Gøtzsche Peter C
Nordic Cochrane Centre, H:S Rigshospitalet, DK-2100 Copenhagen Ø, Denmark,.
BMJ. 2006 Jul 29;333(7561):231-4. doi: 10.1136/bmj.38895.410451.79. Epub 2006 Jul 19.
To compare the distribution of P values in abstracts of randomised controlled trials with that in observational studies, and to check P values between 0.04 and 0.06.
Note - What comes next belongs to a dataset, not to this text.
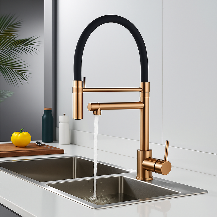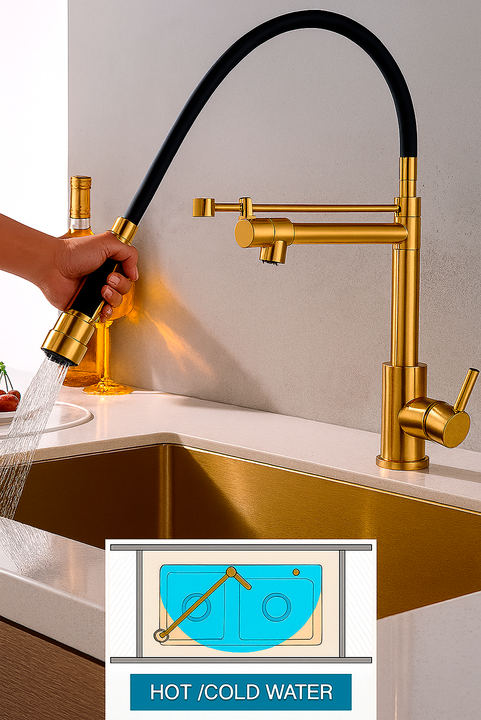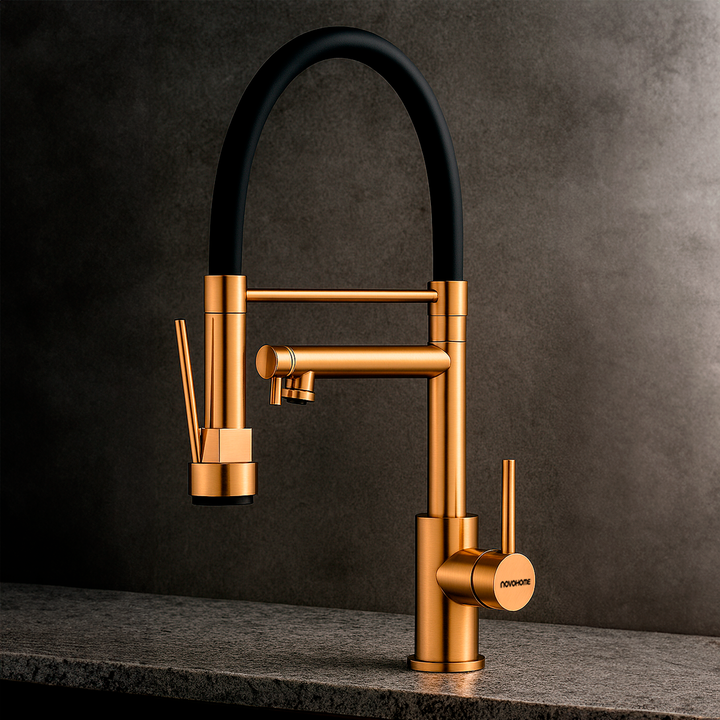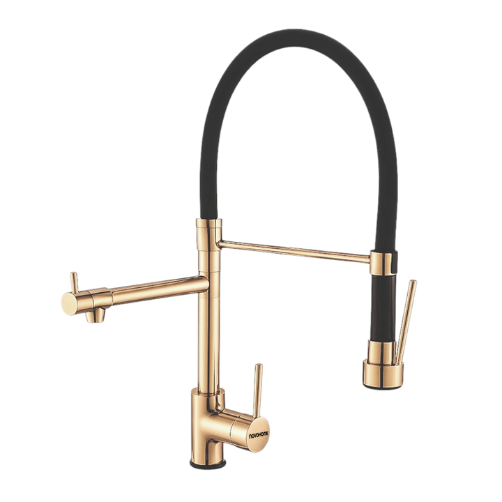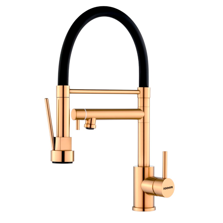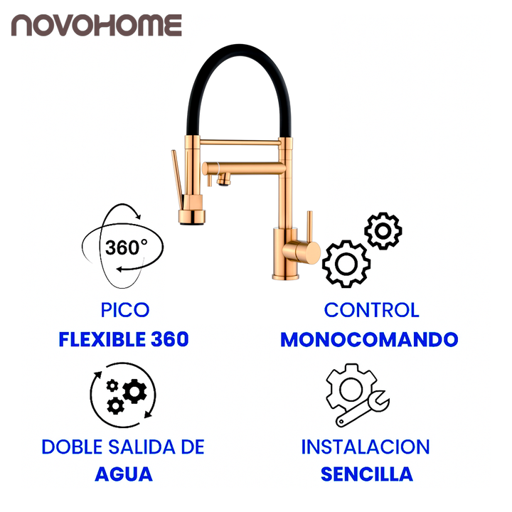 NOVOHOME GRIFERÍA MONOCOMANDO PARA COCINA DOBLE FLEXIBLE GOLD SKU: NH-GC-150G Cuerpo de acero inoxidable, cartucho cerámico de 35 mm, manija de acero inoxidable, con manguera tejida de 60 cm Con un diseño moderno y elegante, su tecnología monocomando permite un control preciso del agua, ajustando fá...

Cross sectional study of all 260 abstracts in PubMed of articles published in 2003 that contained "relative risk" or "odds ratio" and reported results from a randomised trial, and random samples of 130 abstracts from cohort studies and 130 from case-control studies. P values were noted or calculated if unreported.
Prevalence of significant P values in abstracts and distribution of P values between 0.04 and 0.06.
The first result in the abstract was statistically significant in 70% of the trials, 84% of cohort studies, and 84% of case-control studies. Although many of these results were derived from subgroup or secondary analyses, or biased selection of results, they were presented without reservations in 98% of the trials. P values were more extreme in observational studies (P < 0.001) and in cohort studies than in case-control studies (P = 0.04). The distribution of P values around P = 0.05 was extremely skewed. Only five trials had 0.05 < or = P < 0.06, whereas 29 trials had 0.04 < or = P < 0.05. I could check the calculations for 27 of these trials. One of four non-significant results was significant. Four of the 23 significant results were wrong, five were doubtful, and four could be discussed. Nine cohort studies and eight case-control studies reported P values between 0.04 and 0.06, but in all 17 cases P < 0.05. Because the analyses had been adjusted for confounders, these results could not be checked.
Significant results in abstracts are common but should generally be disbelieved.
比较随机对照试验摘要中P值的分布与观察性研究摘要中P值的分布,并检查0.04至0.06之间的P值。
对2003年发表在PubMed上的所有260篇包含“相对风险”或“比值比”并报告随机试验结果的文章摘要进行横断面研究,以及从队列研究中随机抽取130篇摘要和从病例对照研究中随机抽取130篇摘要。若P值未报告,则进行记录或计算。
摘要中显著P值的患病率以及0.04至0.06之间P值的分布。
摘要中的首个结果在70%的试验、84%的队列研究和84%的病例对照研究中具有统计学显著性。尽管这些结果中有许多来自亚组分析或二次分析,或存在结果偏倚选择,但在98%的试验中这些结果都毫无保留地呈现了出来。观察性研究(P<0.001)和队列研究中的P值比病例对照研究中的P值更极端(P=0.04)。P值在P=0.05附近的分布极度不对称。只有5项试验的0.05≤P<0.06,而29项试验的0.04≤P<0.05。我可以检查其中27项试验的计算结果。四项非显著性结果中有一项具有显著性。23项显著性结果中有四项错误,五项存疑,四项有待讨论。九项队列研究和八项病例对照研究报告的P值在0.04至0.06之间,但在所有17例中P<0.05。由于分析已对混杂因素进行了校正,因此无法检查这些结果。
摘要中的显著性结果很常见,但通常不应轻信。